Given this, I cannot fulfill most of your request as the information is not present in the provided text. I will address the points that can be inferred or directly stated from the document, acknowledging where information is missing due to the nature of the device and submission.

1. A table of acceptance criteria and the reported device performance

2. Sample sized used for the test set and the data provenance (e.g. country of origin of the data, retrospective or prospective)

• Test Set Sample Size: Not applicable/not specified for the type of device. The biocompatibility tests would have involved specific animal models or in-vitro cell cultures, but these details are not provided. Peel testing would involve a sample of the sponges.
• Data Provenance: The biocompatibility studies were conducted in compliance with U.S. Food and Drug Administration Good Laboratory Practice (GLP) regulations, implying the testing was performed in the US or under US GLP standards. Details on retrospective/prospective are not applicable for material testing.

3. Number of experts used to establish the ground truth for the test set and the qualifications of those experts (e.g. radiologist with 10 years of experience)

• Not applicable. This device is a physical sponge, not an AI/ML algorithm requiring expert opinion for ground truth. Biocompatibility and mechanical testing do not involve expert consensus on medical images or diagnoses.
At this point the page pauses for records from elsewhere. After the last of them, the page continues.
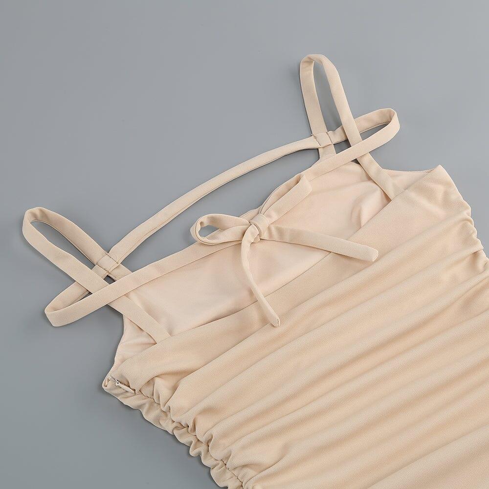 Elevate your style to new heights with our Ruched Strappy Midi Dress in Nude! This exquisite dress is tailored for the modern young woman who seeks to blend sophistication with a touch of sensuality. The delicate nude shade. paired with intricate ruching and strappy details. will have you radiating confidence and allure at any event.
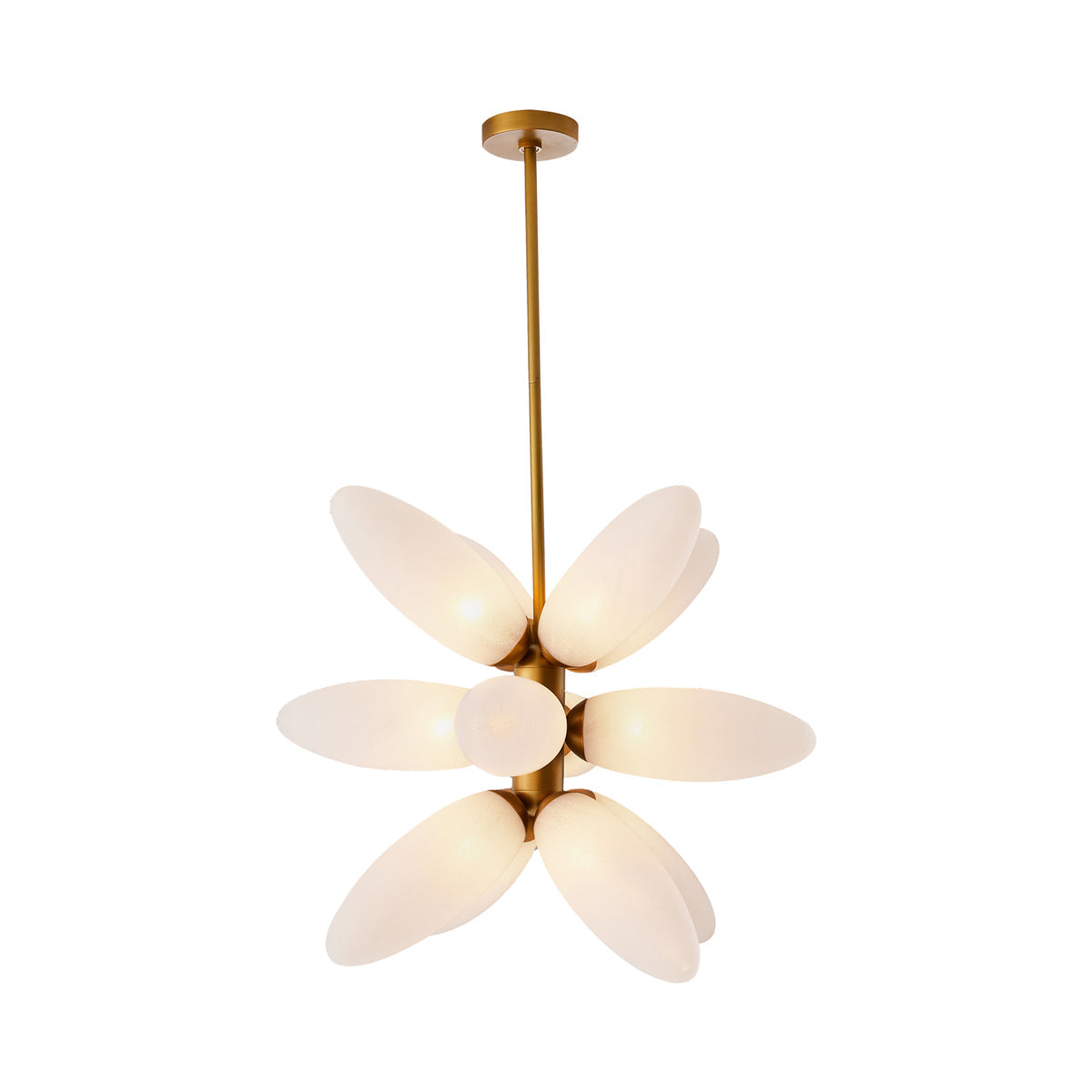 With the fragility of eggs in a bird’s nest, the Starling Chandelier from Arteriors reflects careful, delicate artistry, as well as promise of new life for a modern or transitional space. This fixture offers an alternate motif of a futuristic Sputnik fare, with carefully placed elongated ellipsoid shades made of matte white swirl glass, clinging to a linear and pipe-like antique brass steel frame.
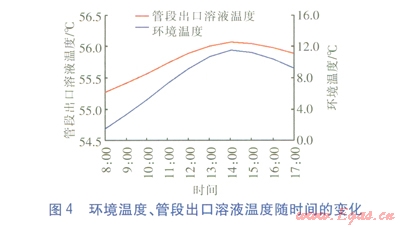 其他條件不變,采用長(zhǎng)沙典型年1月1日8:00—17:00的逐時(shí)室外干球溫度作為環(huán)境溫度,對(duì)管段0-4出口溶液溫度進(jìn)行仿真計(jì)算。環(huán)境溫度、管段出Vl溶液溫度隨時(shí)間的變化見(jiàn)圖4。由圖4可知,計(jì)算工況下,環(huán)境溫度從最低(1.5℃)升至最高(11.5℃),管段0-4出口溶液溫度由55.27℃升至56.07℃。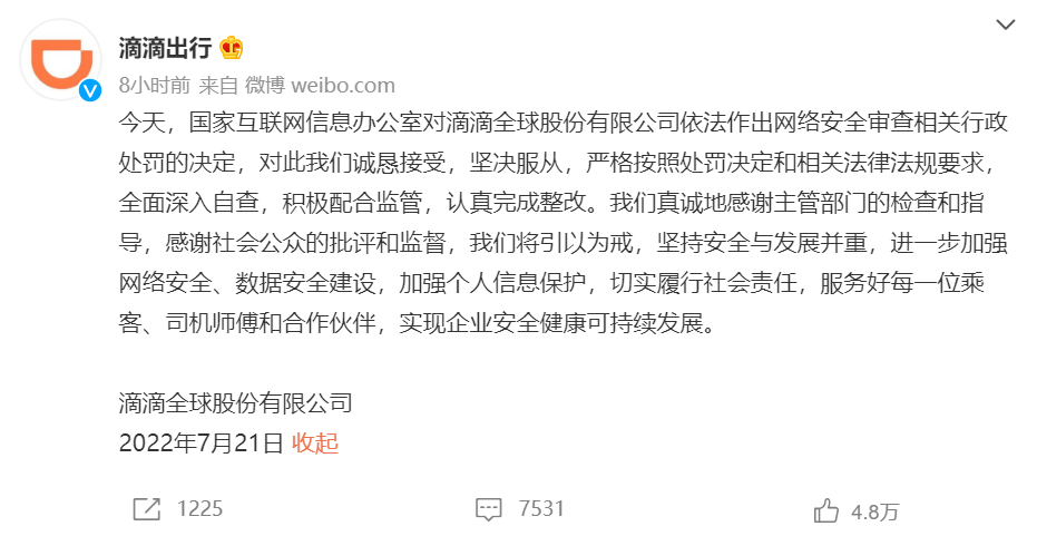 国家互联网信息办公室依据《网络安全法》《数据安全法》《个人信息保护法》《行政处罚法》等法律法规,对滴滴全球股份有限公司处人民币80.26亿元罚款,对滴滴全球股份有限公司董事长兼CEO程维、总裁柳青各处人民币100万元罚款。滴滴出行回应称,诚恳接受,坚决服从,认真完成整改。(央视新闻)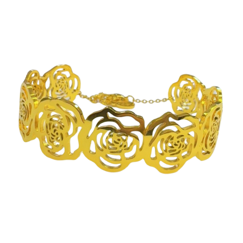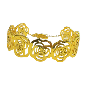 • Cutout/Filigree Design: Features a wide structure composed of a row of interlocking, cutout rose motifs. This design gives the bracelet a light and airy look despite its width

4. Adjudication method (e.g. 2+1, 3+1, none) for the test set

• Not applicable. This refers to adjudication of ground truth for AI/ML performance studies, which is not relevant here.

5. If a multi reader multi case (MRMC) comparative effectiveness study was done, If so, what was the effect size of how much human readers improve with AI vs without AI assistance

• No. This is a physical medical device, not an AI/ML algorithm. An MRMC study is not relevant.

6. If a standalone (i.e. algorithm only without human-in-the-loop performance) was done

• No. This is a physical medical device, not an AI/ML algorithm. A "standalone performance" study in the context of AI is not relevant.

7. The type of ground truth used (expert concensus, pathology, outcomes data, etc)

• The "ground truth" for the biocompatibility testing would be the established biological responses to the materials (e.g., absence of cytotoxicity, irritation, sensitization) as defined by ISO 10993 standards.
• For the peel testing, the "ground truth" would be the measured force required to delaminate the layers.

8. The sample size for the training set

• Not applicable. There is no AI/ML algorithm involved, so there is no training set.

9. How the ground truth for the training set was established

• Not applicable. There is no AI/ML algorithm involved, so there is no training set or ground truth for one.